● What is needed
Write out exactly the lines below starting at the one containing "初学者可以通过模仿学习提升操" and ending at the one containing "같이(하도록) 주의해 하십시오.". Omit every picture.

● Entries provided
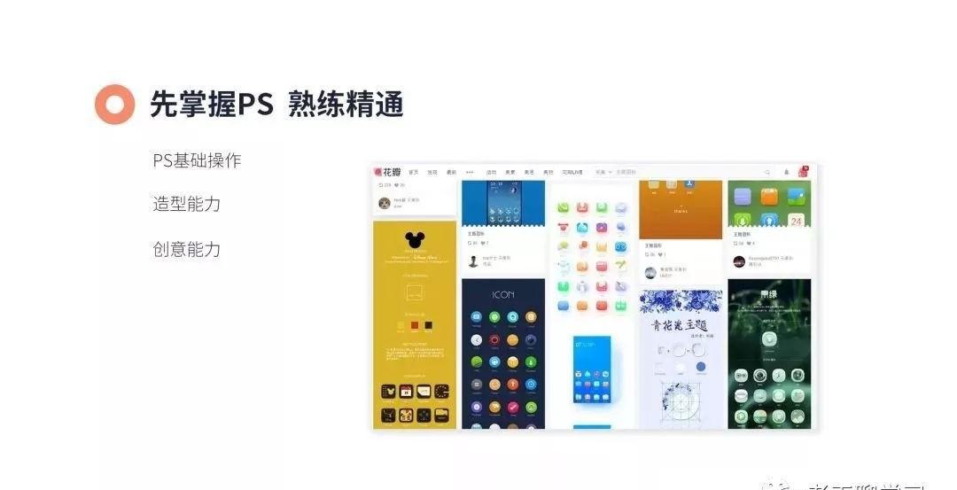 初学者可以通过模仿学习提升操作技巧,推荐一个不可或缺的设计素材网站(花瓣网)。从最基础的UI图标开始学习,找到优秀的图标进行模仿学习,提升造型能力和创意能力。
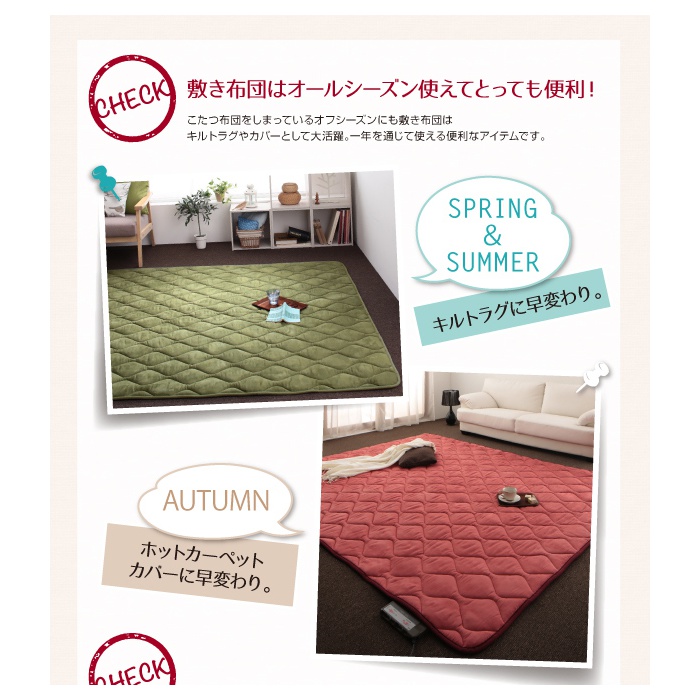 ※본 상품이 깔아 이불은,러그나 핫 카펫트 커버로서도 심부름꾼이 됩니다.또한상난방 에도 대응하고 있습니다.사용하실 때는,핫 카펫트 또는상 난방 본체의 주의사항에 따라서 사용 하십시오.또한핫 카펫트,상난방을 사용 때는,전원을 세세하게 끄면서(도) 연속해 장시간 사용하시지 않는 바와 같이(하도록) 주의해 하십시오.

...

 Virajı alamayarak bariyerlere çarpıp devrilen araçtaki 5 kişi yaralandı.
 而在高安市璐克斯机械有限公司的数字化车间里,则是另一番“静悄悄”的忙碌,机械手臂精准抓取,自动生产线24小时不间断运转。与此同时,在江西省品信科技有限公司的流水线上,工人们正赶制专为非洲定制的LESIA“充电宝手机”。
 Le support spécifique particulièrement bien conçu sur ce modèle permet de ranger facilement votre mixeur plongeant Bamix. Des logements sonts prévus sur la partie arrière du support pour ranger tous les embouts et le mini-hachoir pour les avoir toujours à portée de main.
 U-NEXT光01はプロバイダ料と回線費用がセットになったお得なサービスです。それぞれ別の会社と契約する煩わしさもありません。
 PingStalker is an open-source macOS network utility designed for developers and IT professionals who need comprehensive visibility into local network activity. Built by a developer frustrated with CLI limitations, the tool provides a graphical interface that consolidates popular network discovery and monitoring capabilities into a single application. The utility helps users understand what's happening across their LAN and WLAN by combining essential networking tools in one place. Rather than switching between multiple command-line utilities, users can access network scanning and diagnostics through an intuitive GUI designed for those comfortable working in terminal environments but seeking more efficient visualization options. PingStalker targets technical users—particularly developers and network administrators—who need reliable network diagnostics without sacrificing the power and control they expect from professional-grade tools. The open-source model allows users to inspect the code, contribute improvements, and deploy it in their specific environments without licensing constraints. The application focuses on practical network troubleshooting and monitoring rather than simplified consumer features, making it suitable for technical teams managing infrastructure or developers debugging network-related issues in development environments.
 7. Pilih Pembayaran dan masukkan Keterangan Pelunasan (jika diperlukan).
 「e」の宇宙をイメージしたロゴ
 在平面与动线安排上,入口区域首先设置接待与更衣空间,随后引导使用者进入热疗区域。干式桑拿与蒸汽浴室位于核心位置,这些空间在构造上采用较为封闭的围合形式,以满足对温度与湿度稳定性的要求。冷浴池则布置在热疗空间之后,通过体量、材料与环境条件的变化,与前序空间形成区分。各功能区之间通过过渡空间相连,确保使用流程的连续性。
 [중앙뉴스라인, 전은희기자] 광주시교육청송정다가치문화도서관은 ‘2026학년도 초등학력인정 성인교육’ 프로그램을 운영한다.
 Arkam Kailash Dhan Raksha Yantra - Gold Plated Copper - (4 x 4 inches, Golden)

--

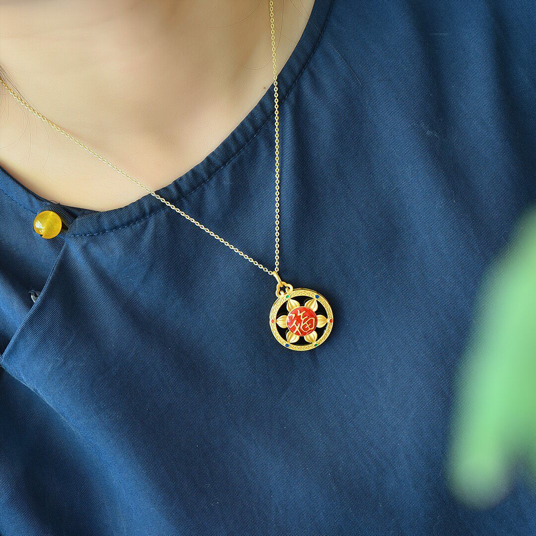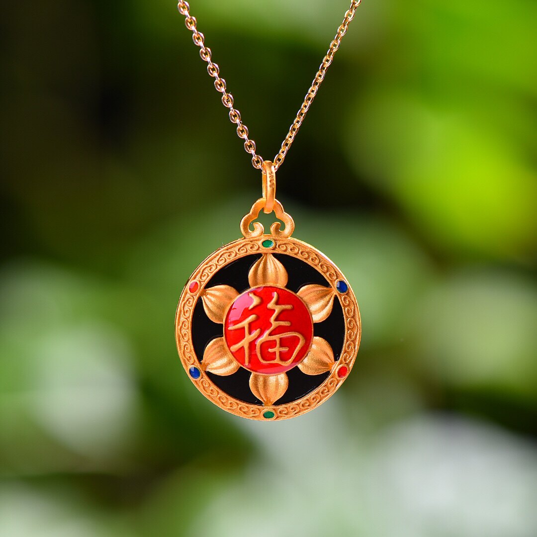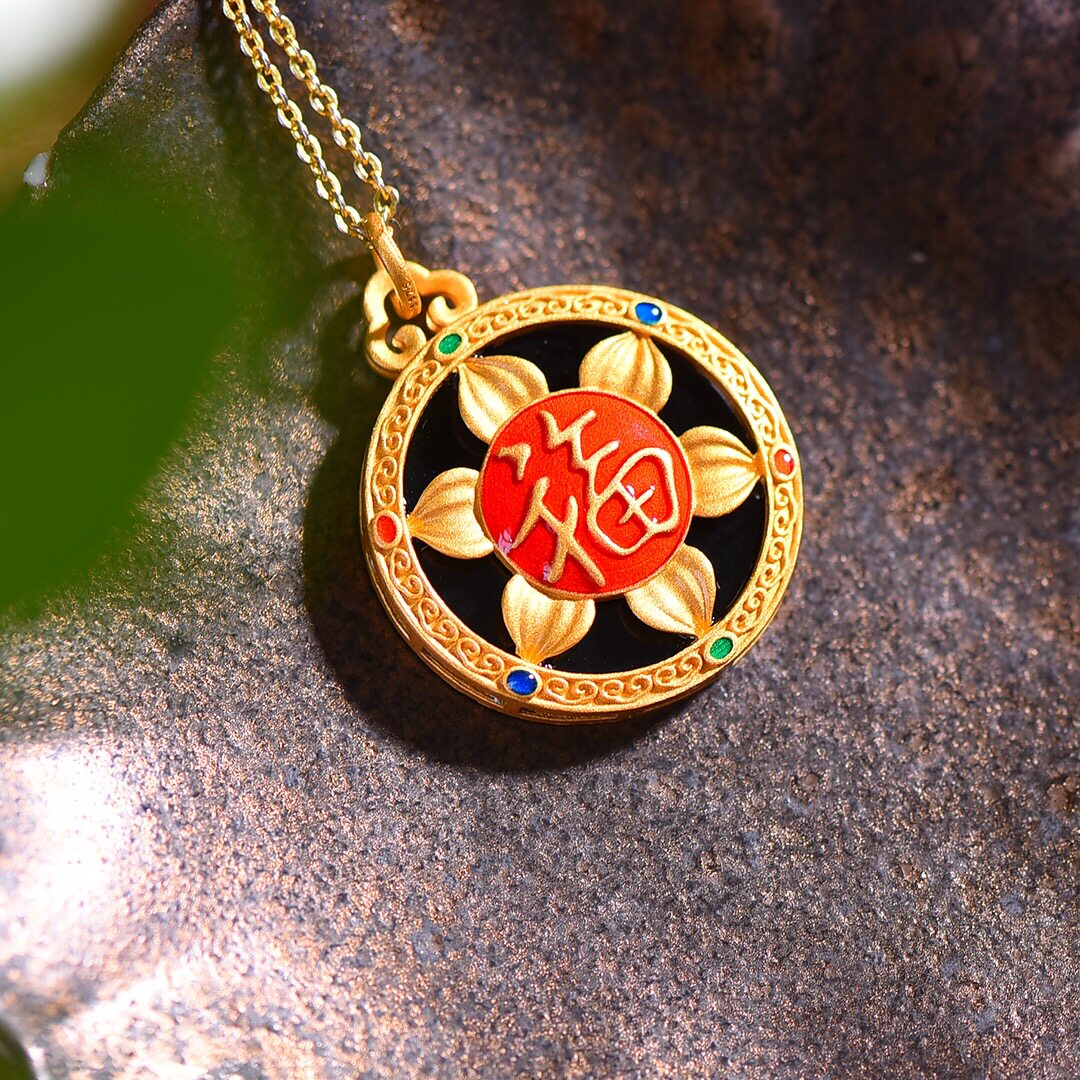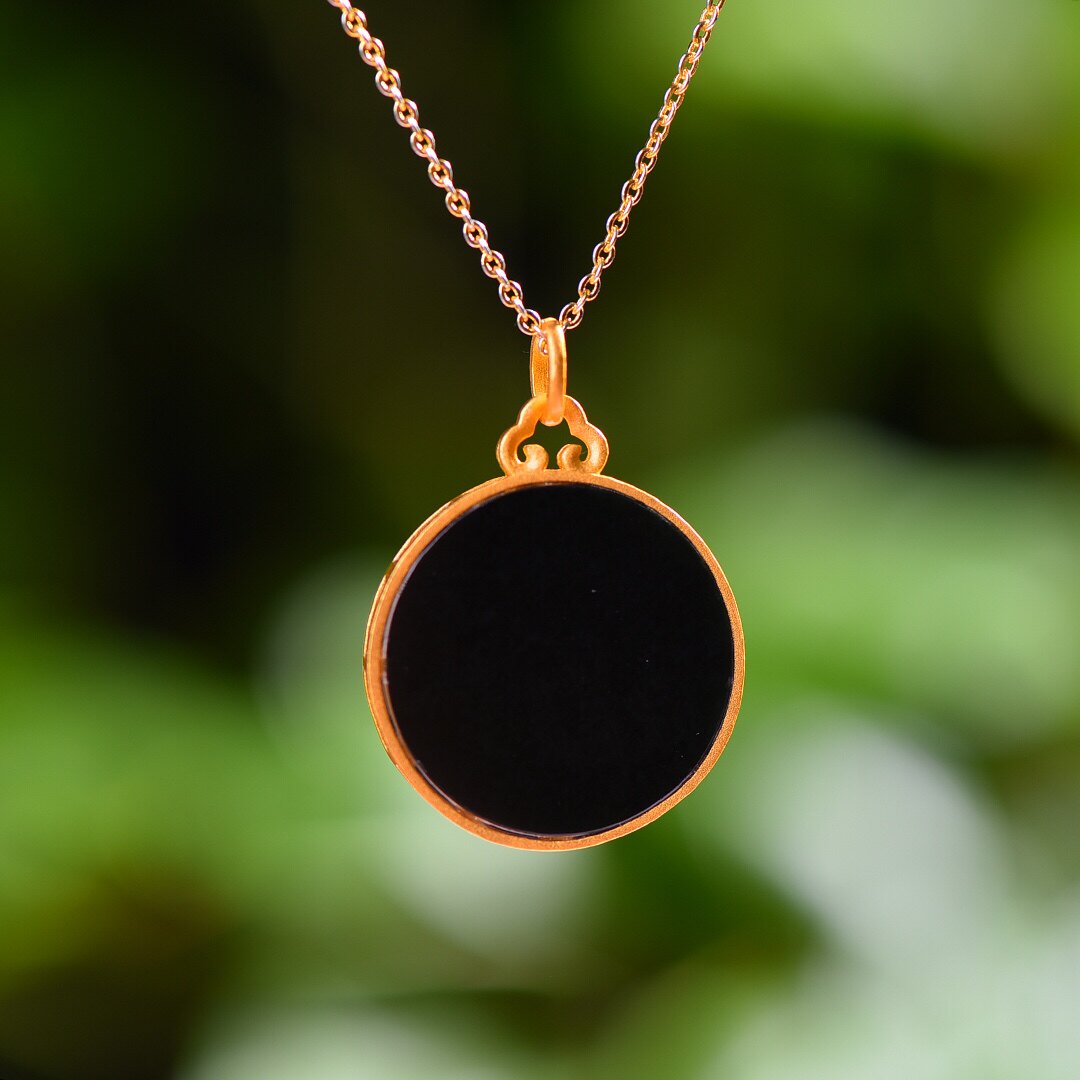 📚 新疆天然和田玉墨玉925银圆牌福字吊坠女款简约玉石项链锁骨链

● Exercise response
 初学者可以通过模仿学习提升操作技巧,推荐一个不可或缺的设计素材网站(花瓣网)。从最基础的UI图标开始学习,找到优秀的图标进行模仿学习,提升造型能力和创意能力。
 ※본 상품이 깔아 이불은,러그나 핫 카펫트 커버로서도 심부름꾼이 됩니다.또한상난방 에도 대응하고 있습니다.사용하실 때는,핫 카펫트 또는상 난방 본체의 주의사항에 따라서 사용 하십시오.또한핫 카펫트,상난방을 사용 때는,전원을 세세하게 끄면서(도) 연속해 장시간 사용하시지 않는 바와 같이(하도록) 주의해 하십시오.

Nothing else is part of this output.